NC State High Performance Computing
High Performance Computing

Getting Started with HPC storage systems

    HPC users have a number of file systems available for their use. Effective use of the HPC resources requires some understanding of the types of available file systems and their intended use.

    The general types of storage available are:

    • home directory
    • local scratch space
    • shared scratch space
    • mass storage space

    The following sections will describe each of these in some detail including the intended use of these storage resources.

  • Home Directory

    Each user has a home directory. The home directory is shared by all cluster nodes. Individual user file quotas are enforced on home directories. Total available space in the home file system is relatively small by design and these quotas are used to manage the available space. Home directories are intended to be used to hold commonly used scripts, environment configuration files, and modest size source trees. Home directories are backed up daily. Only one copy of each file is retained in the backup. Files which have been deleted for more than 5 days are subject to being deleted from the backup.

  • Scratch Space

    Scratch space is intended to be used for the storage requirements for running jobs. In particular, large input or output files should use scratch space during job execution. Scratch file systems are world writable. Users should create a directory for their use to avoid potential file name conflicts with other users.

    Scratch space is not backed up.

    • Local Scratch Space

      Local scratch space is directly connected to the compute node. On the Linux cluster the local scratch file system available to users is /scratch. Local scratch file system contents are only available to the local node to which the file system is directly connected. Use of the local scratch space must be managed from the user's LSF script (since there is no way to know ahead of time which nodes a job may be assigned) both movement of files to the space and removal of files after execution completes. Local scratch space on the cluster is subject to immediate removal of files at the completion of the LSF job.
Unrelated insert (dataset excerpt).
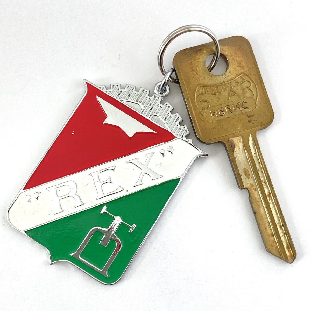 - 21当時物!1960年代レックスREX企業物ヴィンテージ輸出用エンブレムプレート金属製☆キーホルダー真鍮鍵キーセット キーホルダー カギ 鍵
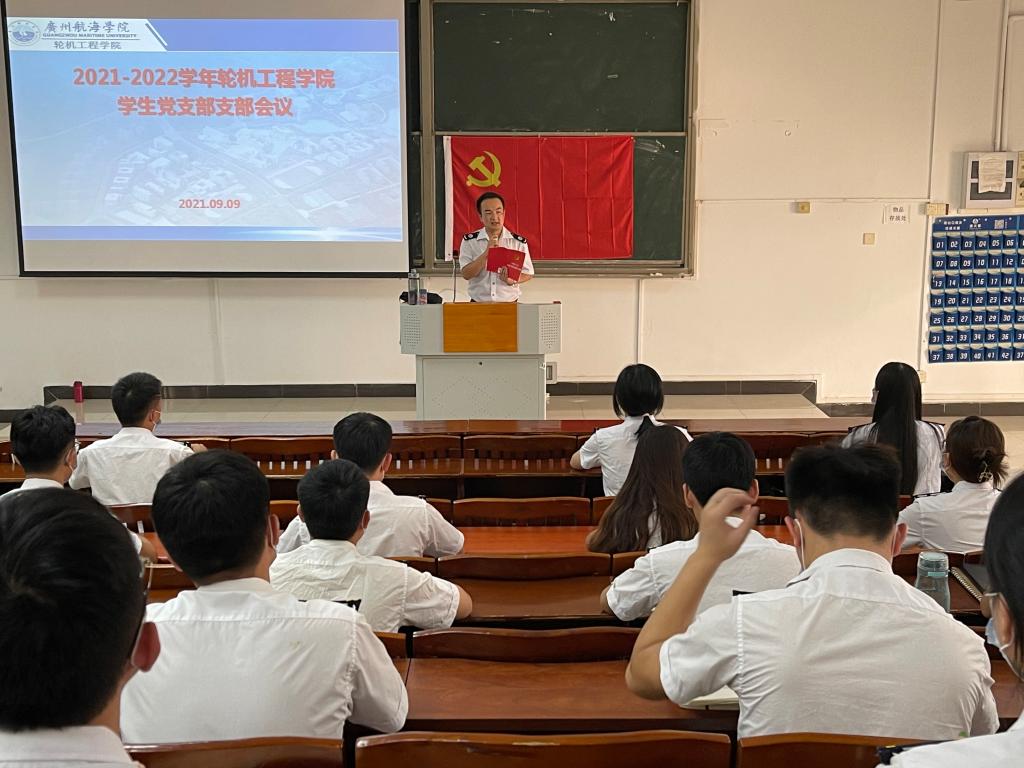 (轮机工程学院供稿)新学期到来,为了加强党支部成员教育和管理,遵循党要管党、全面从严治党工作要求,切实加强党的基层组织建设,促进轮机工程学院学生党建工作有序开展,2021年9月9日下午,轮机工程学院学生党支部于教学楼108室新学期工作会议。轮机工程学院学生第一党支部书记郭世俊、第二党支部书记赵垒、全体学生党员、党务工作团队、入党积极分子代表参加了会议。

      Local scratch space is relatively small a few GB to few dozen GB depending on the node and must be carefully managed by the user. Except for a few very special cases use of local scratch space should be avoided.

      Like all Linux systems, compute nodes have a world writable /tmp file system. This space is essential for the proper operation of the operating system and many applications. /tmp on the compute nodes is very small (~2GB) and should never be used for user file storage.

    • Shared Scratch Space

      The Linux cluster also has shared scratch space. These file systems are network attached to the login nodes and to all of the compute nodes. /share, /share2, and /share3 are currently available to any user needing scratch space.

      Shared scratch file systems are subject to periodic purge and are not backed up. A per project quota is enforced on each shared scratch file system.

      Any file in shared scratch space is subject to removal at any time. A purge is used to maintain free space in the file system. While the purge generally allows files to remain on the shared scratch file systems for a week or more, during periods of high disk use this may not be true and files that are only a day or two old may also be removed by the purge.

      As with local scratch space this storage is intended to provide large storage space required by jobs during execution.

      A GPFS file system is also available on the Linux cluster (henry2). This file system /gpfs_share has a per project quota and is also not backed up. Codes spending significant amounts of time doing parallel I/O - and any code using MPI-IO - should use /gpfs_share.

      As of spring of 2014 the shared scratch file systems (actually now file sets) /share, /share2, and /share3 are also provided via a GPFS file system, /gpfs_common.

  • Mass Storage System

    Mass storage space is intended to hold important files that are too large to be stored in users' home directories. Users requiring mass storage space should request that a mass storage directory be created for their use.

    It is anticipated that research groups will have up to a 1TB group quota for mass storage space with options to purchase additional quota if required.

    Mass storage space is available from all login nodes. Mass storage space is not available from compute nodes and can not be used as an alternative to scratch space for running jobs.

    • Configuration

      There are currently two mass storage file systems, /ncsu/volume1 and /ncsu/volume2. Users will only be provided a directory on one of these file systems.

      Separate file servers are used for /ncsu/volume1 and /ncsu/volume2. Both file systems are availabe from login nodes via NFS.

    • Backups

      Backup frequency for the HPC storage system is daily from the /home, /ncsu/volume1, and /ncsu/volume2 file systems to a tape library. One copy of each file is maintained in the tape library. When a file is modified on disk the new version of the file replaces any previous backup of that file.

      Files removed from /home, /ncsu/volume1, or /ncsu/volume2 file system will remain in the backup for at least five days.

      A consequence of the backup policy is that files that are updated with the same name will overwrite the backup version during the daily update. Files that are being modified for which previous versions may be needed should be modified using a file naming scheme to retain previous versions with unique file names.

    • HSM

      An additional level of management is utilized on /ncsu/volume1. Tivoli Space Manager is used to migrate older, larger files from the file system disk to tape. Migrated files are retrieved automatically if they are accessed.

      Space manager seeks to maintain the disk usage level for /ncsu/volume1 between 85% and 90%.

Last modified: August 01 2014 13:59:04.